Food Safety Crisis Under Rapid Expansion
In recent years, Huashi Food's "Wallace" brand has adopted an aggressive expansion strategy to capture market share, relying on a model of "direct sales + store crowdfunding + employee partnership" to accelerate store openings. According to data from Narrow Door Restaurant Eye, as of February 11, 2026, the total number of its existing stores reached 19,494, nearly matching the combined total of KFC and McDonald's (which was 21,466 at the time of publication), with a significant presence in lower-tier markets, where stores in third-tier cities and below account for as much as 55%.
However, media reports indicate that Wallace's low-price strategy and heavy focus on scale expansion have significantly compressed the profit margins of its stores, leading to frequent occurrences of cost-cutting and substandard practices.
Public information shows that in March 2025, several Wallace stores were found to be engaging in bulk violations, such as replacing expiration labels on expired meat and spoiled lettuce to continue selling them, using frying oil that had turned dark brown and was smoking after the third day, and having acid values exceeding standards by 60% in samples sent for inspection. Some stores were reported to have cockroaches in the kitchen and flies flying around, with staff ignoring hygiene issues, prompting regulatory intervention.

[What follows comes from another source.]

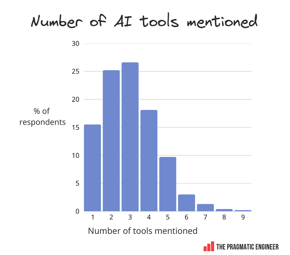 Chatbot usage: ChatGPT leads – just aboutHere’s how mentions of chatbot usage line up in our survey: Tool usage: multi-toolMost tech professionals use between two and four AI tools. An interesting detail is how many different ones are mentioned by respondents: Noteworthy details: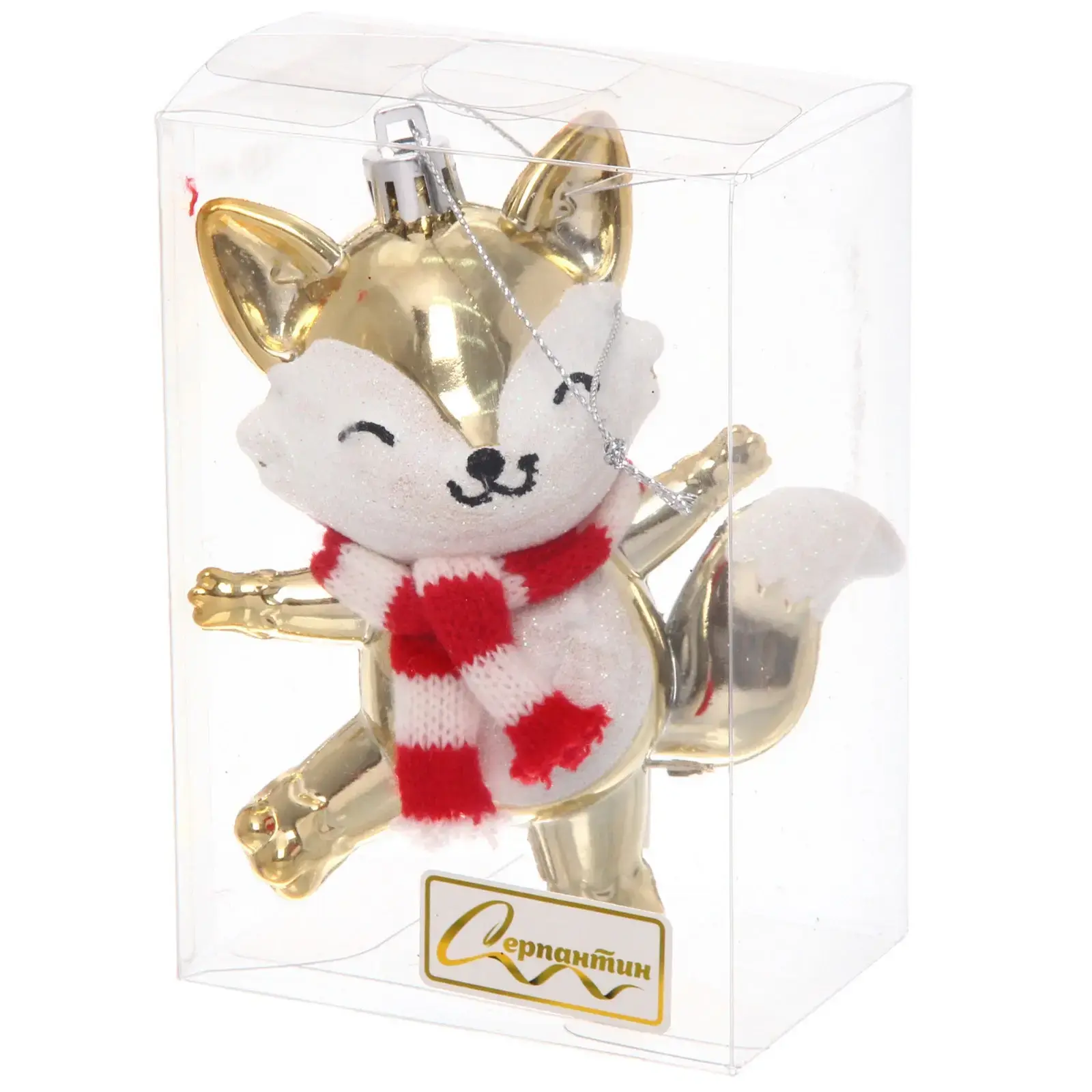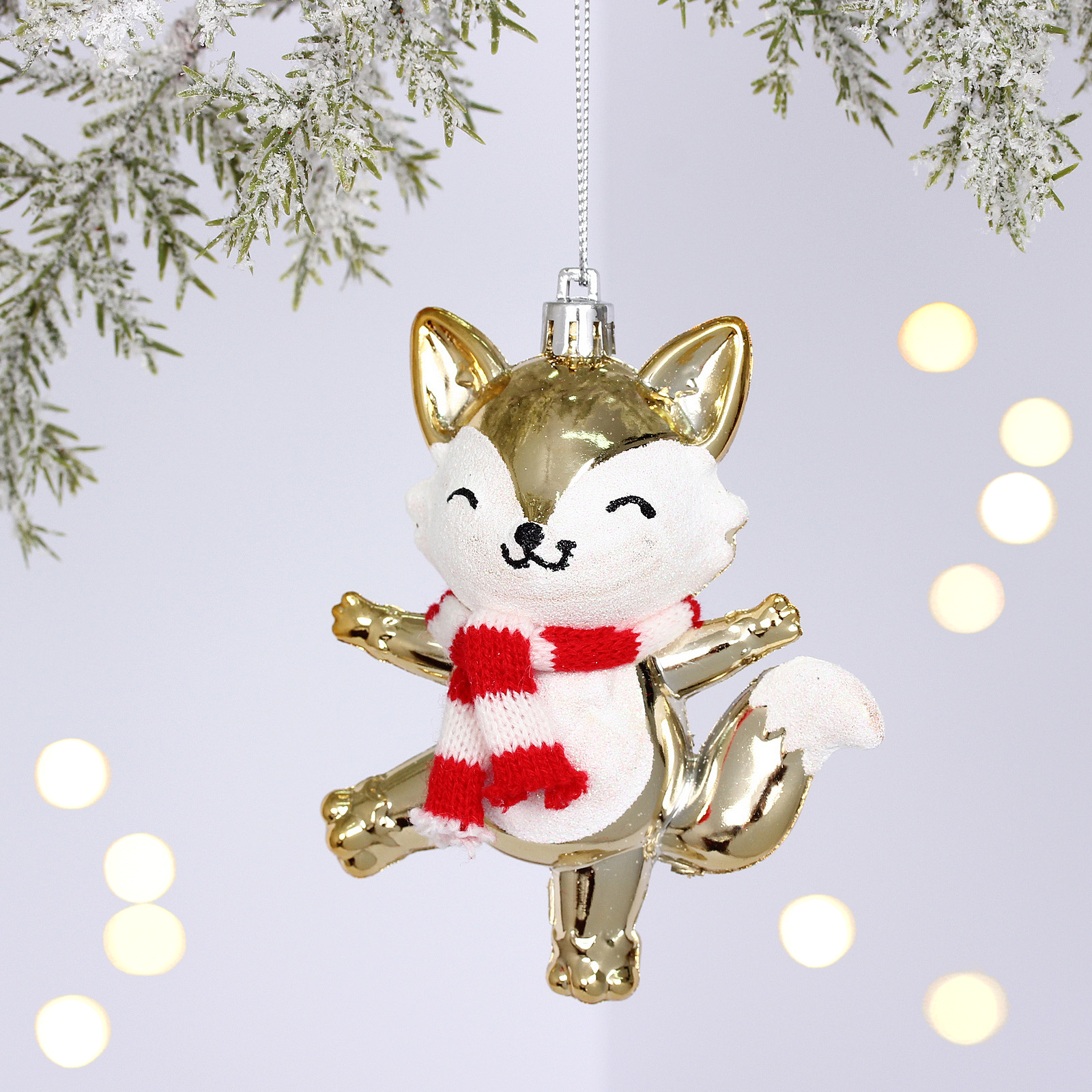 Лисёнок изготовлен из качественного пластика, устойчивого к механическим повреждениям. Золотистый цвет с элементами белого и красного создает праздничное настроение и гармонично сочетается с любыми другими украшениями.

According to data summarized from Black Cat Complaints [Download Black Cat Complaints Client], as of February 11, Wallace had received a total of 13,765 complaints, with 95% of them tagged with food quality issues. In contrast, McDonald's, which also has nearly 10,000 stores, received far fewer complaints regarding food quality. Although Wallace's official response to food safety incidents is always to promise comprehensive rectification, actual implementation has consistently failed to effectively curb the recurrence of issues.
Regarding Wallace's development in recent years, industry insiders have pointed out that the case of Huashi Food serves as a warning to the entire restaurant industry that the path of "burning money for performance growth" is no longer viable. "The traditional growth logic of promoting sales through revenue is failing, and a heavy focus on expansion while neglecting governance will struggle to adapt to the current trend of quality and standardization upgrades in the restaurant industry. The continuous occurrence of food safety incidents also reminds consumers to view the brand's scale halo rationally; the number of stores does not guarantee quality."